A three-year race to ramp up trauma care in Solano County is reaching an end of sorts with the designation this week of Kaiser Permanente Vacaville Medical Center as the county’s only level II trauma center.
Kaiser edged out NorthBay Healthcare, which sought the designation at its Fairfield trauma center.
The race began in September 2010 when NorthBay Healthcare announced that it wanted to establish a level III trauma center at NorthBay Medical Center. Kaiser Permanente followed suit in January 2011. NorthBay got its designation in September 2011, Kaiser a month later.
Then began the race for a level II designation, for which there can be only one in Solano County based on our population and the need to ensure that highly skilled neurosurgeons have enough patients each year to maintain their skills.
The two health care organizations took different approaches to their bids for the county’s level II trauma center. NorthBay Healthcare – the local guy, as it were – focused on what it’s doing and would do if awarded the designation, and relied on the process to carry the day. Kaiser Permanente – the health care gorilla in the room … they are one massive organization! – took a more regional approach, pitching all it has to offer to Solano County trauma patients.
Then Kaiser upped the ante.
I wrote here in early June about Kaiser Permanente’s community campaign, which it kicked into high gear with a series of dinners for various community leaders to meet with Kaiser doctors, administrators and staff to talk about all things trauma.
My takeaway then – and today – is that residents of Solano County, and those who travel through the county on our highways, are the big winners here, not the health care organizations.
I moved to Fairfield in September 2009 to take this job at the Daily Republic. My wife Jill moved here in February 2010 after we sold our home in Visalia. At that time, serious trauma patients here in Fairfield – and across the county – were routinely flown to trauma centers in Walnut Creek or Sacramento.
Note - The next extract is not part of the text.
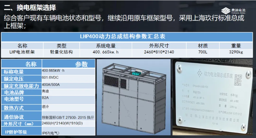 该方案基于客户实际运营工况定制,采用400度电电池配置,搭载B2Apack单包100度电设计,系统总电量达400.665kwh,电压601.6V,容量666Ah,具备高能量密度与强续航能力,可满足长途重卡运输的电力需求。在换电框架方面,方案沿用上海玖行标准上框架,兼容现有车辆结构,实现快速换电与高效部署。
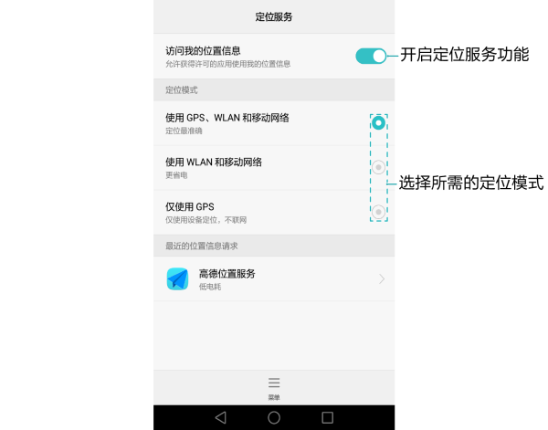 使用 Wi-Fi 和移动网络:仅通过网络进行定位,可适当降低耗电量,延长待机时间。

That’s a hike by car and, although it’s much faster by helicopter, it’s still precious time lost to travel that could have been better used on medical care beyond that available during transport.
Now, thanks to the efforts of NorthBay Healthcare and Kaiser Permanente, we have level III trauma centers in both Fairfield and Vacaville, and will soon have a level II trauma center in Vacaville.
Kaiser Permanente members who live in Vacaville and Dixon, to be sure, are double winners since Kaiser will add labor and delivery services to its Vacaville Medical Center as part of its level II trauma center. Kaiser will maintain those services at its Vallejo hospital, but soon women who have Kaiser insurance in Vacaville and Dixon can give birth to their children a bit closer to home.
Once again, if it’s a traumatic birth, those minutes – and geographic convenience – count. Just ask the women served by doctors and nurses at the Neonatal Intensive Care Unit at NorthBay Medical Center in Fairfield.
From a practical standpoint, Kaiser Permanente will see somewhere between 70 to 100 additional trauma patients a year at its Vacaville hospital, depending on who you ask. Those patients likely would have gone to John Muir Medical Center in Walnut Creek.
In a county of some 415,000 residents, a county that sees literally millions of cars and trucks pass by on local highways each year, 100 or so severely injured trauma patients isn’t that much. But to those patients – and to their families – quick access to level II trauma care is priceless.
So the trauma race ends in Solano County, and we’re all the winners.